O mundo se abriu de repente a um grupo de amigos que começou a história se divertindo na sala de aula. Alguns deles, como o baterista Deco, o tecladista e vocalista José Ibarra e o guitarrista Lucas Nunes, improvisavam batuques diante dos professores. Quando a direção se cansou das reclamações, rendeu-se e cedeu uma sala para que pudessem ensaiar. Ainda só tocavam instrumentos rítmicos, mas a forma como foram trabalhando as sobreposições começou a apontar para uma identidade. “Tínhamos que organizar os arranjos ali, intercalar os ritmos”, diz Ibarra. Era o começo de uma postura de composição que eles parecem adotar.
A respeito das referências citadas até no texto de apresentação assinado por Bruno Natal, que os colocam como seguidores de um rock progressivo ou de filhotes dos mineiros (não menos progressivos) dos anos 1970, percebe-se um “quase” nos dois casos. Eles são muito leves e ainda pouco técnicos para o progressivo deixado por Emerson Lake & Palmer e Yes e muito pesados, de pouca harmonia e mais centrados em guitarras do que em violões para o conceito de Milton, Lô Borges e Toninho Horta. Não são, assim, nem uma coisa nem outra – o que pode ser muito bom para que uma identidade forte se forme, algo que pode ficar mais claro do segundo disco em diante. E isso, o fato de não se conseguir enxergar ainda uma face mais nítida no meio de tanta informação, é uma constatação dos próprios músicos. “Somos ainda uma banda mais melódica do que centrada em letras. Um dia, ainda podemos ser (reconhecidos pelas letras), quem sabe. Muitos grupos só definem sua identidade a partir do segundo disco. Estamos nos descobrindo”, diz Lucas.

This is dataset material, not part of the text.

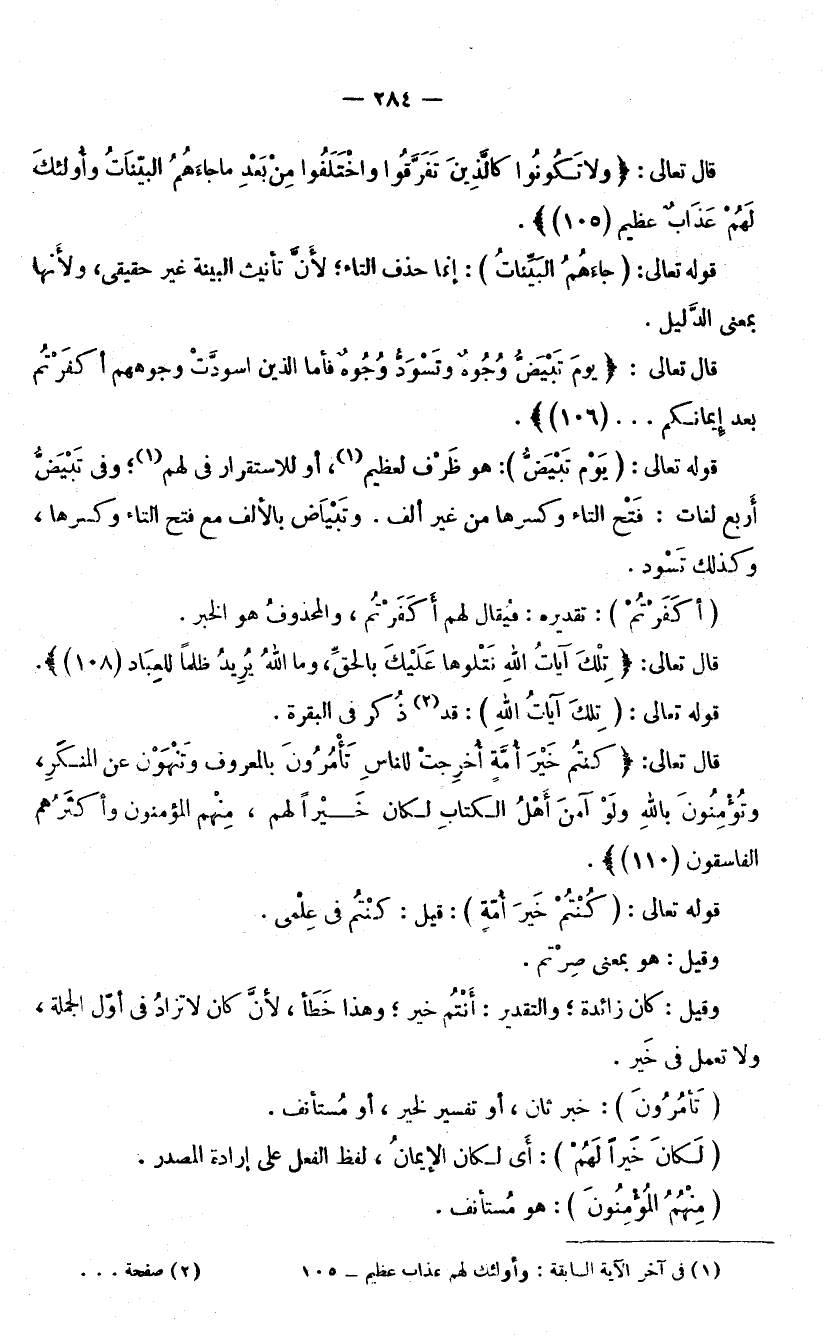 قَوْلُهُ تَعَالَى: (كُنْتُمْ خَيْرَ أُمَّةٍ) : قِيلَ: كُنْتُمْ فِي عِلْمِي. وَقِيلَ: هُوَ بِمَعْنَى صِرْتُمْ. وَقِيلَ: كَانَ زَائِدَةٌ ; وَالتَّقْدِيرُ: أَنْتُمْ خَيْرَ، وَهَذَا خَطَأٌ ; لِأَنَّ كَانَ لَا تُزَادُ فِي أَوَّلِ الْجُمْلَةِ، وَلَا تَعْمَلُ فِي خَيْرٍ. (تَأْمُرُونَ) : خَبَرٌ ثَانٍ، أَوْ تَفْسِيرٌ لِخَبَرٍ، أَوْ مُسْتَأْنَفٌ.

A ideia de que a condição de filho de Caetano Veloso faz de Tom um poeta nato, levando o mundo do Dônica a girar em torno de seus versos, é outra a ser demolida. A história é quase o contrário, e é preciso passar quinze minutos ao lado de Tom para entender como esse processo se dá. Tom é tímido, de um acanhamento semi-clínico, que o fez até agora se recusar a participar dos shows pelo pavor dos palcos. Isso deve começar a terminar no final de semana, quando vai subir pela primeira vez para tocar e cantar Assuntos Bons, última do disco, durante os shows no Solar de Botafogo.
Tom, 18 anos, desconstrói qualquer pseudo glamour que poderia ostentar com uma sinceridade que, se o tempo e a estrada não lhe tirarem, fará dele um líder natural. “Eu só passei a gostar de música de dez anos para cá”, diz, sem perceber que corre riscos de sincericídio. Quando explica seu processo de composição, não busca resposta em inspirações extrassensoriais, mas na necessidade de se cantar alguma coisa para o que aquela melodia pede.

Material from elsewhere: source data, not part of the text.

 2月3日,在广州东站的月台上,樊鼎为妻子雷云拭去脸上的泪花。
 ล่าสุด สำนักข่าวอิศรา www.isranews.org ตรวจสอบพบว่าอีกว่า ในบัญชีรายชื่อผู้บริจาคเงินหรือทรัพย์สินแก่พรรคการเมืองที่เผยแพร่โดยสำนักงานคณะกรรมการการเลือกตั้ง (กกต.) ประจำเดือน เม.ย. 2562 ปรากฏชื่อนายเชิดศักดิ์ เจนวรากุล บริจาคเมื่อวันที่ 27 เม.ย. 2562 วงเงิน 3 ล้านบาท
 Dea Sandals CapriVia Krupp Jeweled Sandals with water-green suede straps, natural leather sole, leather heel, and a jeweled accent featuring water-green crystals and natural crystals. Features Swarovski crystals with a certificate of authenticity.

Há uma segurança nas criações do Dônica até estranhas a um grupo tão jovem que propõe sair das formas de produção atual do rock em português. A abertura, É Oficial, é quase uma vinheta psicodélica de referências brasileiras. A tranquila Casa 180, de Ibarra e Tom, traduz um clima mineiro até que o refrão leve a um desenlace pop. Eles trabalham muitos vocais e fazem disso uma outra grata característica. Milton Nascimento é uma das facilidades, vinda por Caetano, que os garotos souberam usar bem. Sua voz está na bela canção Pintor: “Tela, pinta Renoir / Clara, eu não sei pintar / Tentei, mas não sou pintor / No oriente certa vez achei a flor”. O caminho que traçam é tão original que só deve ser melhor percebido no segundo álbum. As informações são do jornal O Estado de S. Paulo.